# AIM OF THE EXERCISE
Although the records contain pictures, none belong in the copy: restate word for word only the lines from the one with "8月2日,山東泰山隊球員卡扎伊什維利(左)慶賀進球。" through the one with "In deze knusse", both included.

RECORDS TO PROCESS: Begin

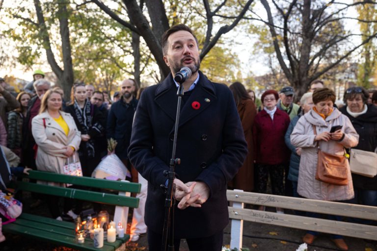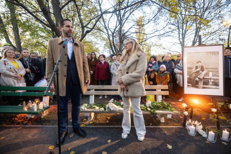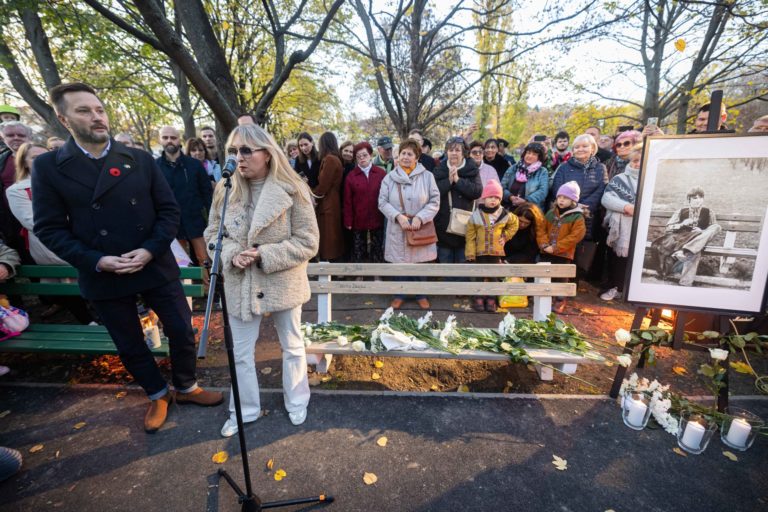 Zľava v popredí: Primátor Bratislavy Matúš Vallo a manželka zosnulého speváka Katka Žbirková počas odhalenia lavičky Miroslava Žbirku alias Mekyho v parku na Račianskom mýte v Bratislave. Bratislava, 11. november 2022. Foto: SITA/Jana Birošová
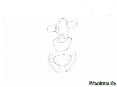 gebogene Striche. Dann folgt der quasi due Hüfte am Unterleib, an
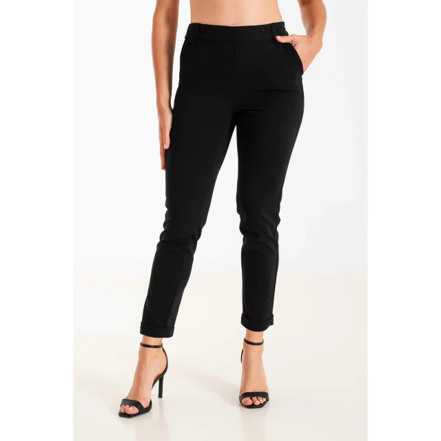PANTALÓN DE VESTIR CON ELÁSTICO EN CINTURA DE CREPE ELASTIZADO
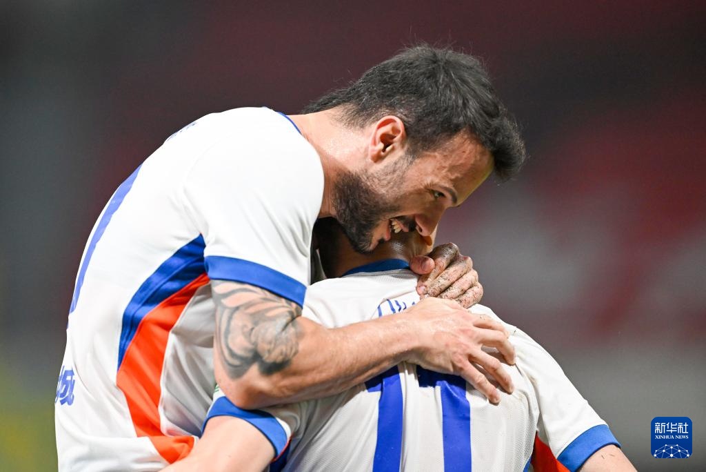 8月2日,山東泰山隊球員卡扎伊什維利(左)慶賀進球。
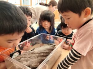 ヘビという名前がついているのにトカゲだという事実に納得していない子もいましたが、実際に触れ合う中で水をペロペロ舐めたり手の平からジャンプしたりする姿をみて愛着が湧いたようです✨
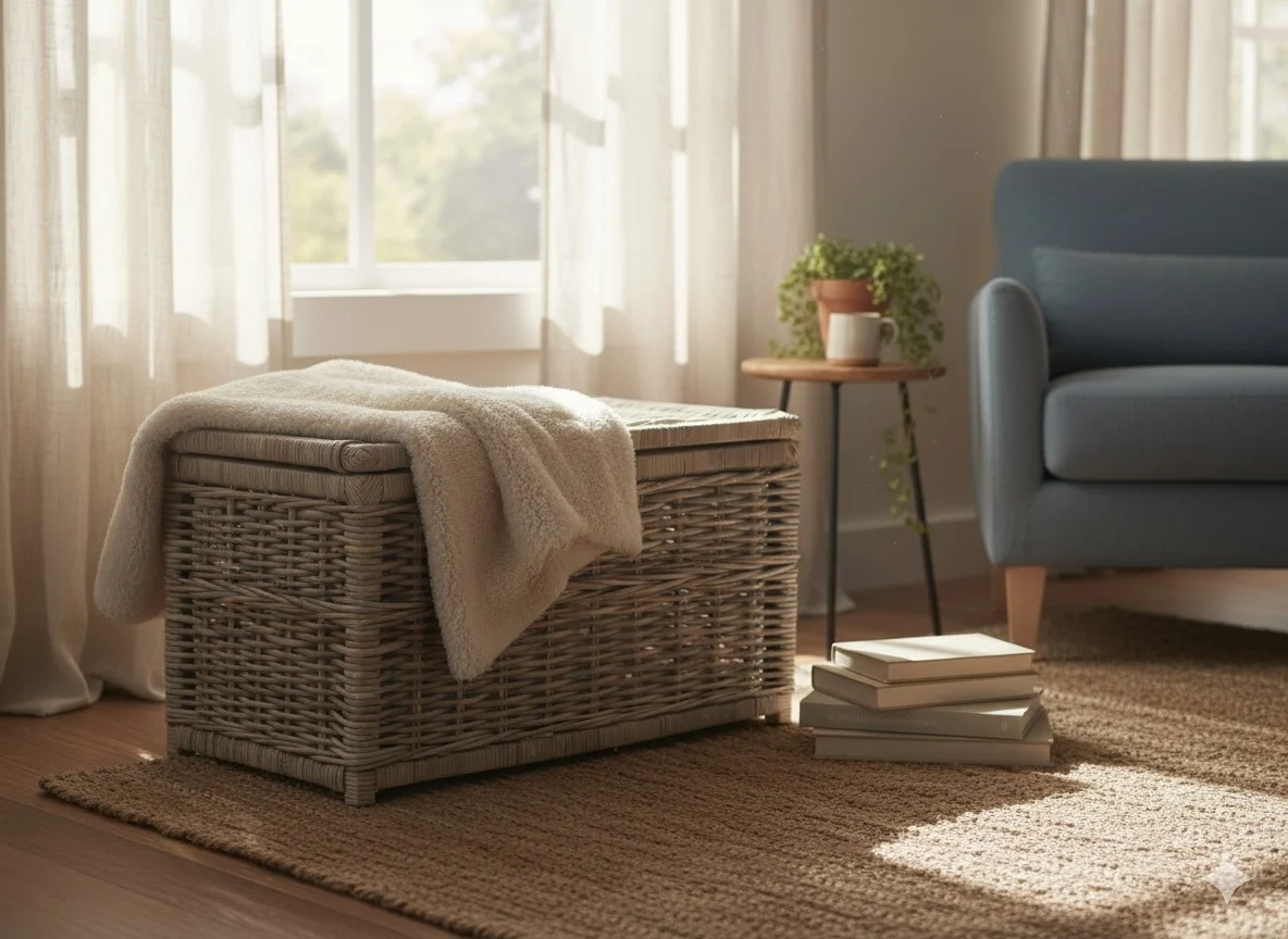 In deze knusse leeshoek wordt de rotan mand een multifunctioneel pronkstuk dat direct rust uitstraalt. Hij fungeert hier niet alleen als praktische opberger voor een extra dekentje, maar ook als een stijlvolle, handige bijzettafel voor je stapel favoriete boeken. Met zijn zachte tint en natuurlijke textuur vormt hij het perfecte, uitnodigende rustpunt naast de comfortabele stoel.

RECORDS TO PROCESS: End
RECORDS TO PROCESS: Begin

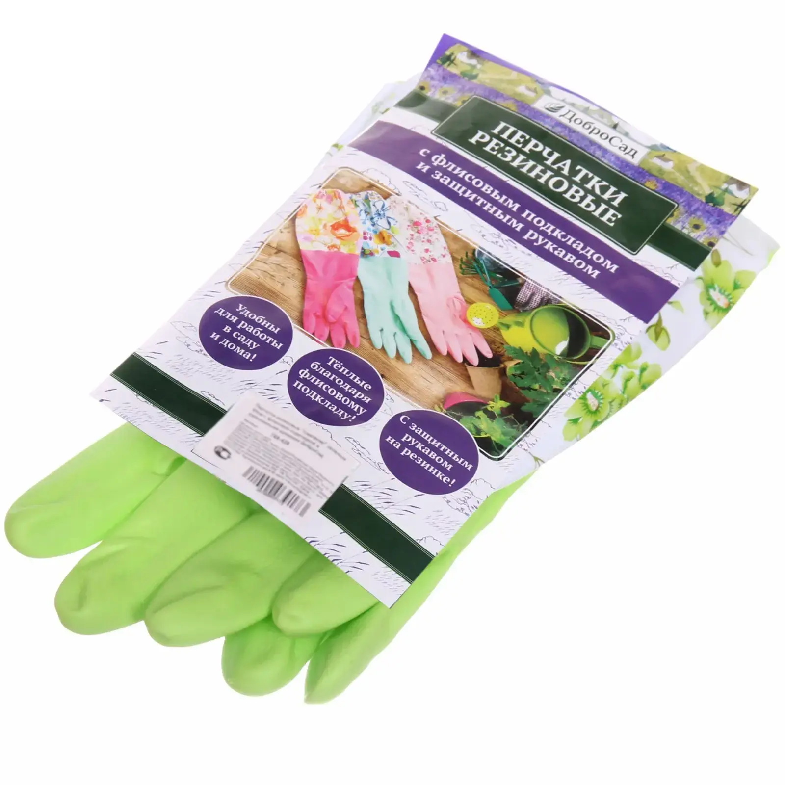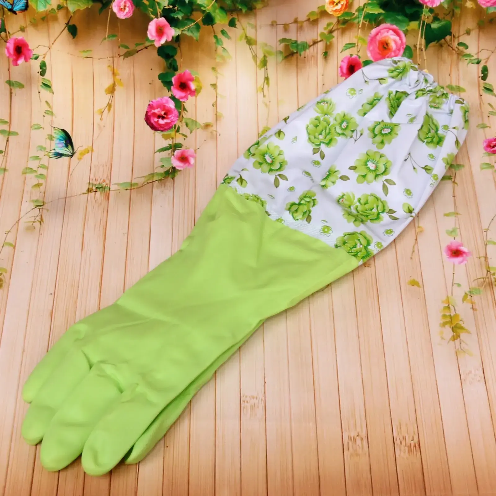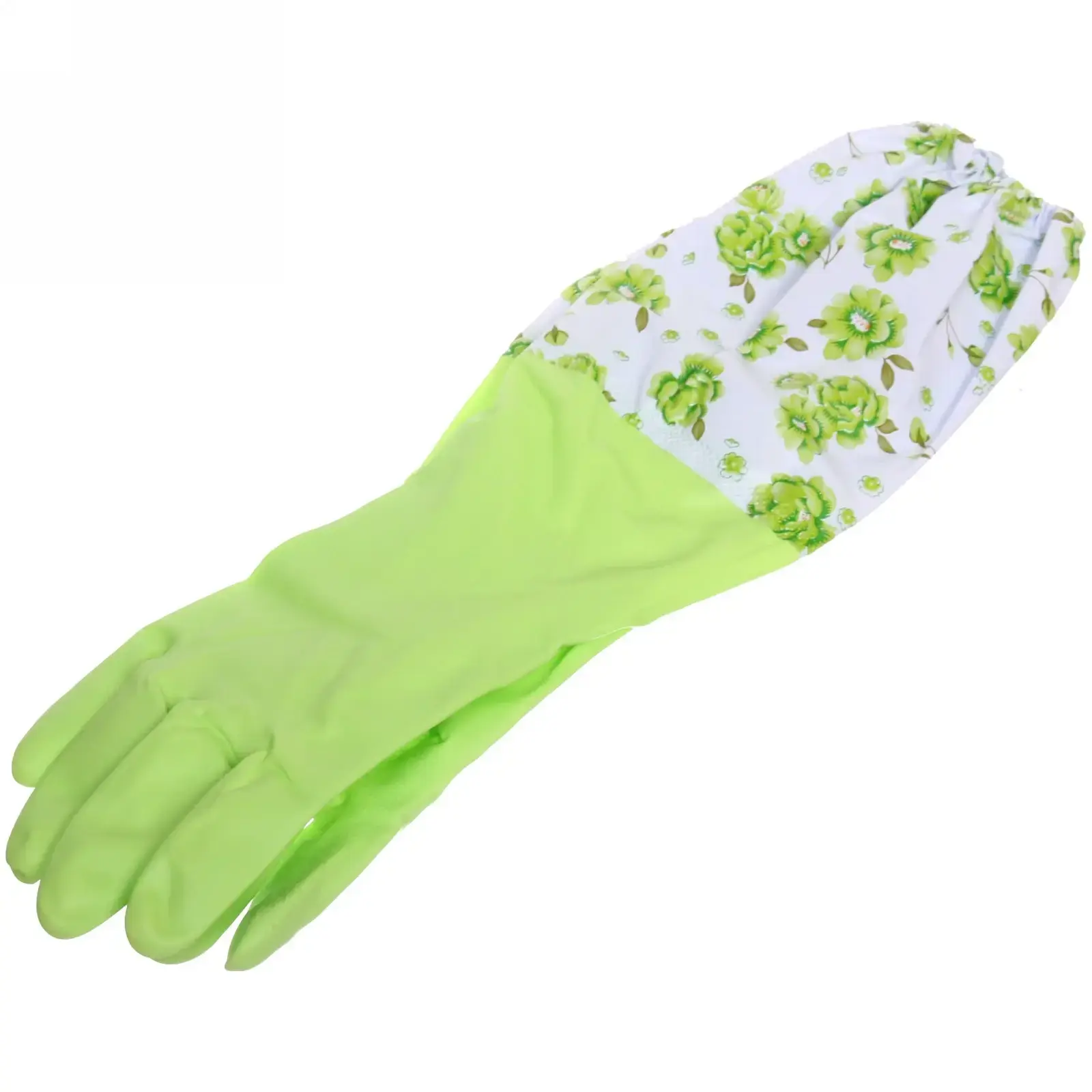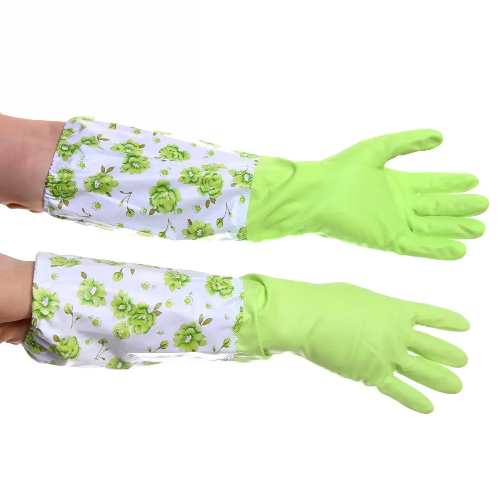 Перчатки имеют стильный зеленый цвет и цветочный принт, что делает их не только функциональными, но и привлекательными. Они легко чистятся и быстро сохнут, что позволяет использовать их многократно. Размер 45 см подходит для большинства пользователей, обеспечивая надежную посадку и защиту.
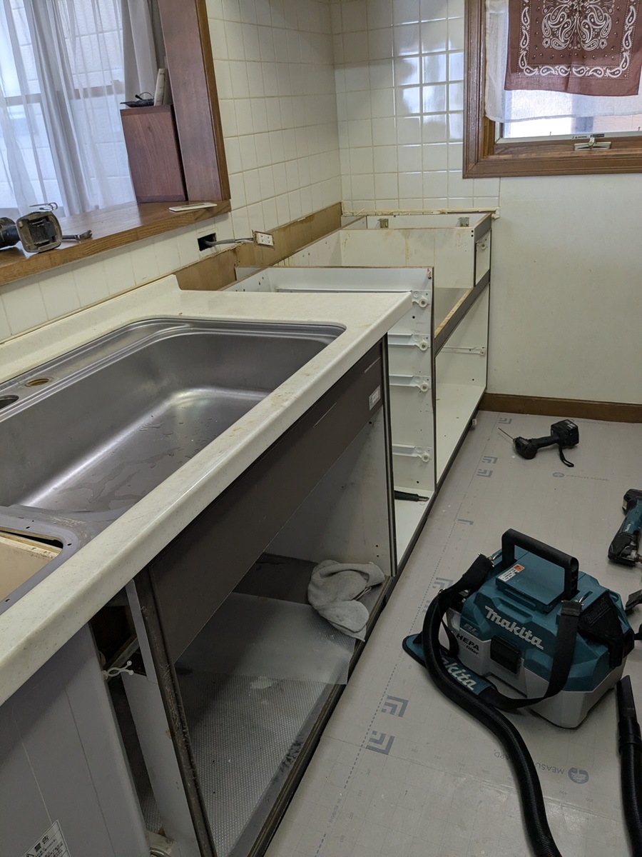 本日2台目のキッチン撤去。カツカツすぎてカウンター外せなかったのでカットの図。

RECORDS TO PROCESS: End

# YOUR RESPONSE
 8月2日,山東泰山隊球員卡扎伊什維利(左)慶賀進球。
 ヘビという名前がついているのにトカゲだという事実に納得していない子もいましたが、実際に触れ合う中で水をペロペロ舐めたり手の平からジャンプしたりする姿をみて愛着が湧いたようです✨
 In deze knusse leeshoek wordt de rotan mand een multifunctioneel pronkstuk dat direct rust uitstraalt. Hij fungeert hier niet alleen als praktische opberger voor een extra dekentje, maar ook als een stijlvolle, handige bijzettafel voor je stapel favoriete boeken. Met zijn zachte tint en natuurlijke textuur vormt hij het perfecte, uitnodigende rustpunt naast de comfortabele stoel.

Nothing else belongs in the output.